For the 0xC01E0355 symptom on Windows the cheapest signal I can land usually comes from PowerShell Get-WinEvent, then Process Monitor (procmon), DISM and sfc, WinDbg for STOP code analysis when PowerShell Get-WinEvent cannot see the layer the fault sits in, and Windows Performance Recorder for the cases where neither of those answers cleanly. That ordering is not academic. It matches the layers the failure tends to surface through, so the cheap signal lands first and the heavier tooling only comes out when the simpler answer does not hold up under scrutiny.

Verification I run before I close the ticket

Before I mark the 0xC01E0355 symptom resolved on a Windows unit, the verification loop below is what I actually run. Each step proves a different layer is green, and the order matters - the cheap checks gate the more expensive ones.

sfc /scannow

If that one comes back clean, move to the next check. If it does not, stop and dig in there before layering more verification on top of a red signal.

err.exe 0xXXXXXXXX  # symbolic decode

If that one comes back clean, move to the next check. If it does not, stop and dig in there before layering more verification on top of a red signal.

wevtutil epl System system.evtx  # export for offline review

Only when every line above runs clean do I close the ticket and update the runbook with the timestamps.

Where I check first when the docs disagree

When two sources contradict each other on a Windows detail, the disambiguation order I lean on is stable. I usually start at learn.microsoft.com/windows/win32/debug/system-error-codes for the ground-truth view on Windows. I usually start at github.com/microsoft/Windows-Driver-Frameworks for the ground-truth view on Windows. I usually start at support.microsoft.com for the ground-truth view on Windows. I usually start at techcommunity.microsoft.com/category/windows for the ground-truth view on Windows. Random blog posts and reseller wikis are signal, not ground truth, and I treat them as such until the references above either confirm or contradict the claim.

Pitfalls I have walked into on this exact path

The shortcuts that look smart on the 0xC01E0355 symptom have a habit of biting back. The pitfalls below are the ones I have personally walked into on a Windows unit, not things I read about. DISM RestoreHealth needs network or a known-good source image; the most common cause of a failed RestoreHealth is a blocked Windows Update endpoint. STOP codes look terrifying but the first DWORD almost always points directly at the responsible driver. Windows error codes come in a handful of families; once you recognise the family, the doc page is one search away. When in doubt I revert to the slower path that the manual prescribes - the time I save by skipping it is always smaller than the time I spend cleaning up afterwards.

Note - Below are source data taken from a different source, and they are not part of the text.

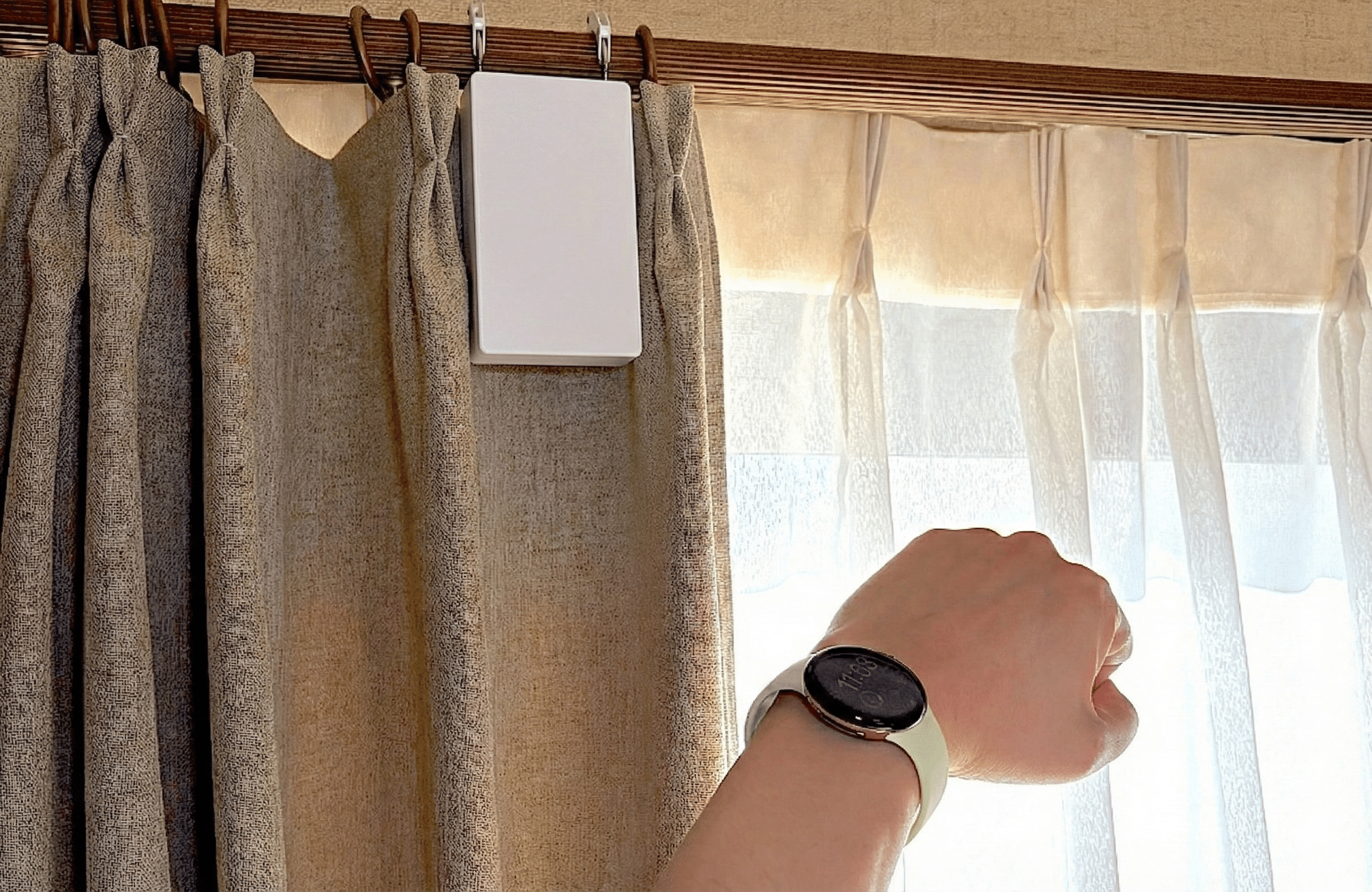 実際に「Google Pixel Watch 4」対応のスマートカーテンを使って、操作の指示を出してみます。まずスマートカーテンの公式アプリと「Google Home」を連携させてからスマートウォッチに向かって「カーテンを開けて」と話しかけると、カーテンレールに取り付けたガジェットがレールに沿って移動を開始。自動でゆっくりと開いていくカーテンを見るとなんだか感動します。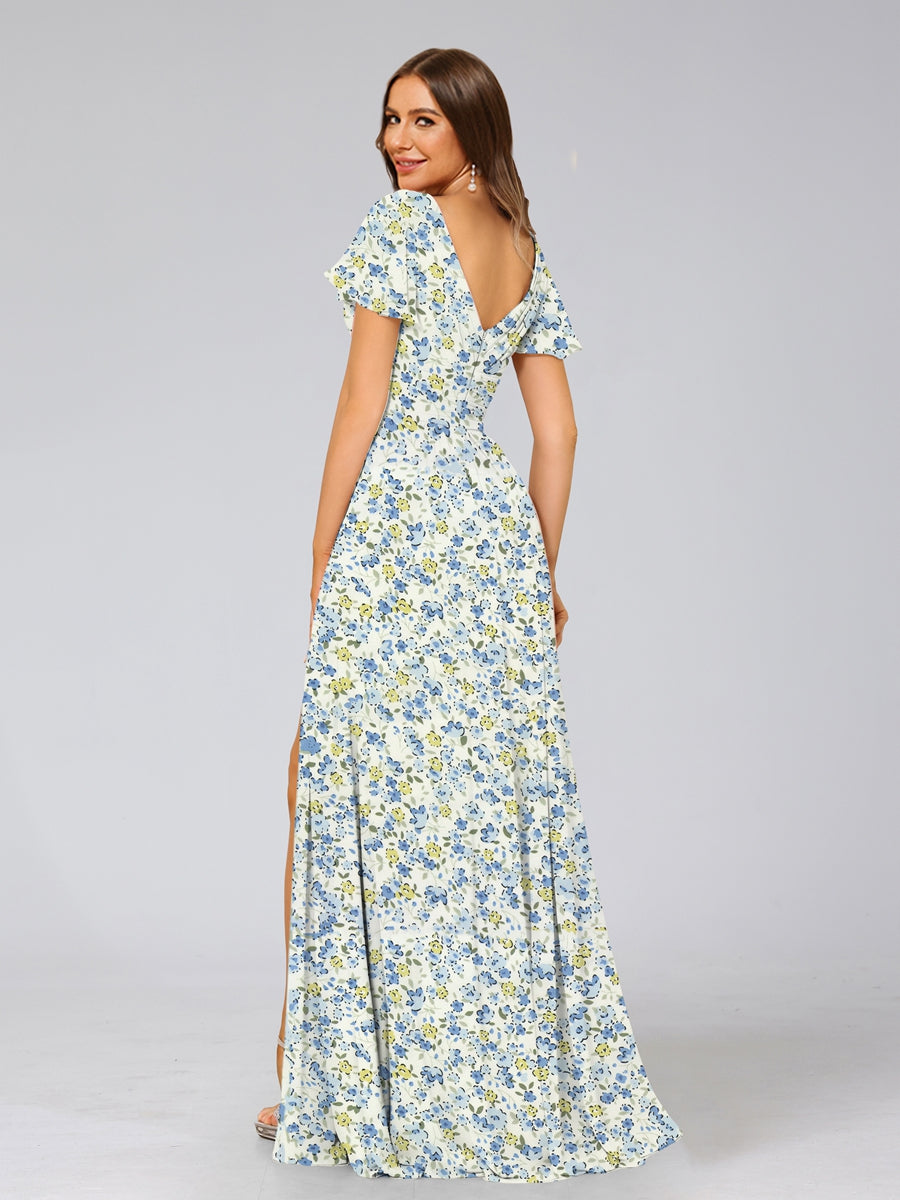 #Demonstrate 99091021 A-Line/Princess V-Neck Short Sleeves Split Side Floral Bridesmaid Dresses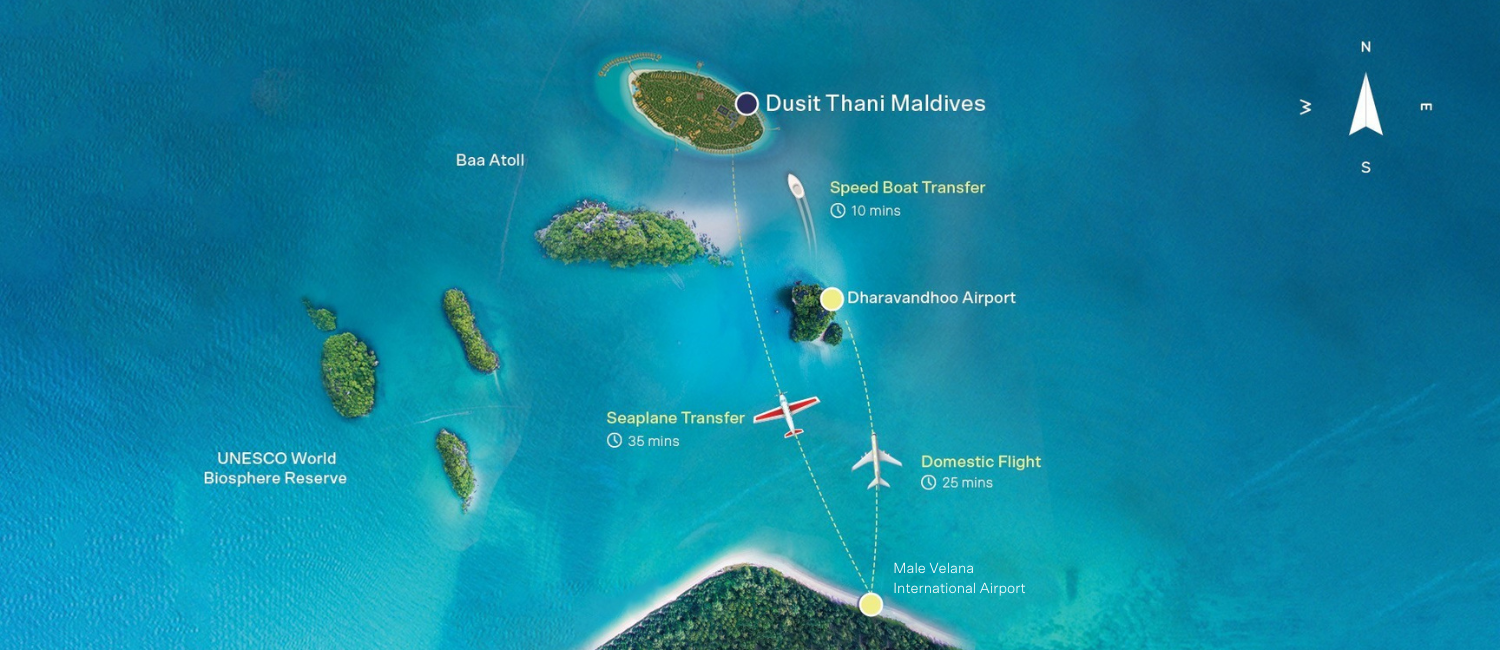 Dusit Thani Maldives ตั้งอยู่บนเกาะมุดดูห์ (Mudhdhoo) ในบาอะทอลล์ เดินทางเข้าสู่รีสอร์ตด้วยเครื่องบิน Seaplane เพียง 35 นาที หรือโดยสายการบินภายในประเทศ และนั่งเรือ Speed Boat ออกจากสนามบินดาราวันดูเข้าสู่รีสอร์ตเพียง 10 นาที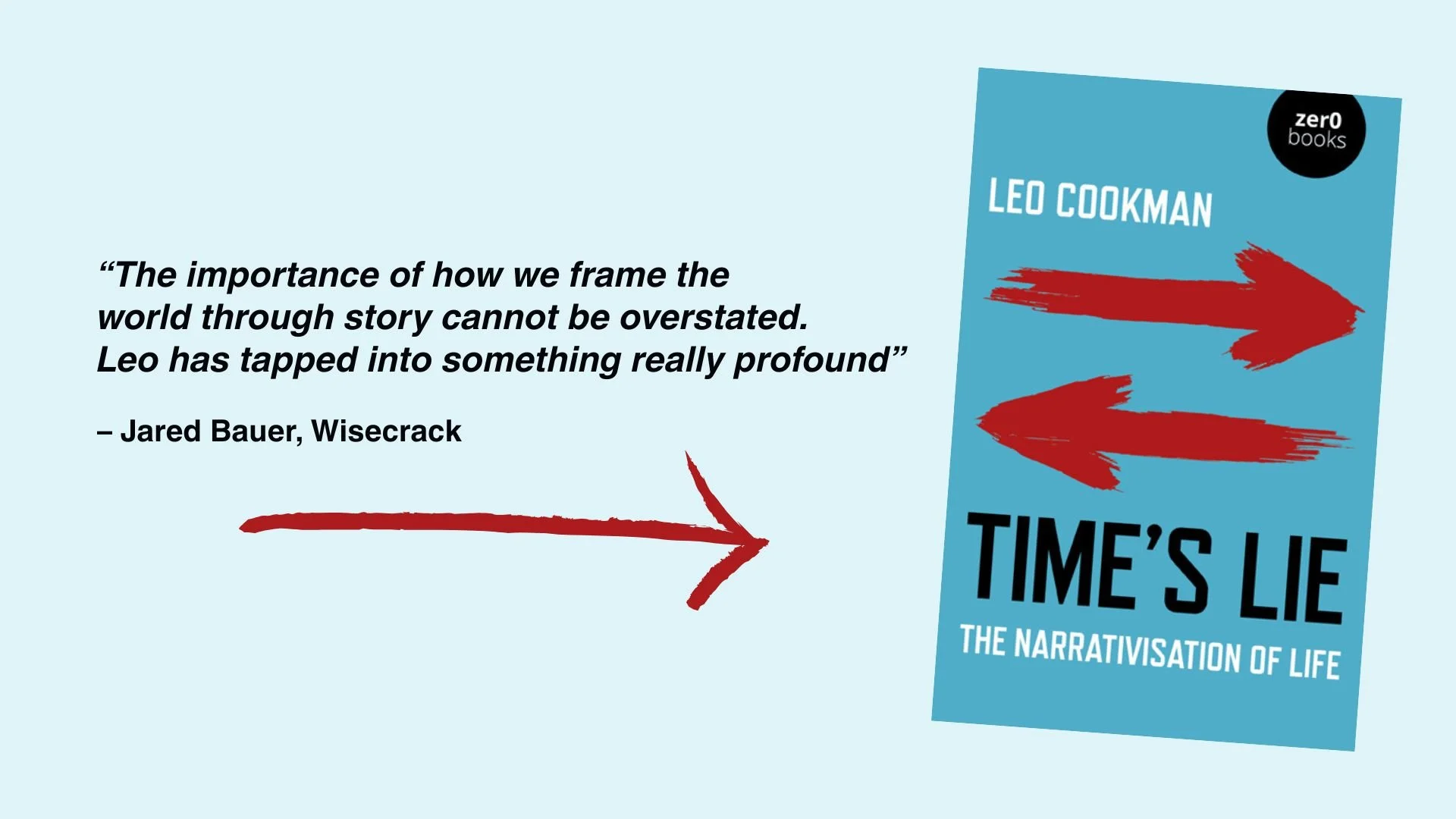 Book cover of 'Time's Lie: The Narrativisation of Life' by Leo Cookman, with red arrow illustrations on a blue background.

What I tell the next on-call

When I hand the 0xC01E0355 symptom off to the next person on rotation, the three lines I leave in the runbook are these. First, the symptom signature for Windows on the Windows family - not a paraphrase, the exact string that surfaces. Second, the diagnostic that gave the highest signal in the least time. Third, the exact verification command whose green output justified closing the ticket. That trio is what turns a one-off fix into a runbook entry the next engineer can use without paging me at three in the morning.

I also add a one-line note on the cost of getting this wrong. For the 0xC01E0355 symptom on a Windows unit, the cost is rarely the replacement part. It is the downtime, the second site visit, and the trust deficit you spend with whoever owns the asset when the fix does not hold. That framing keeps the next on-call from choosing the cheap-looking shortcut that ends up costing the most in elapsed hours and goodwill.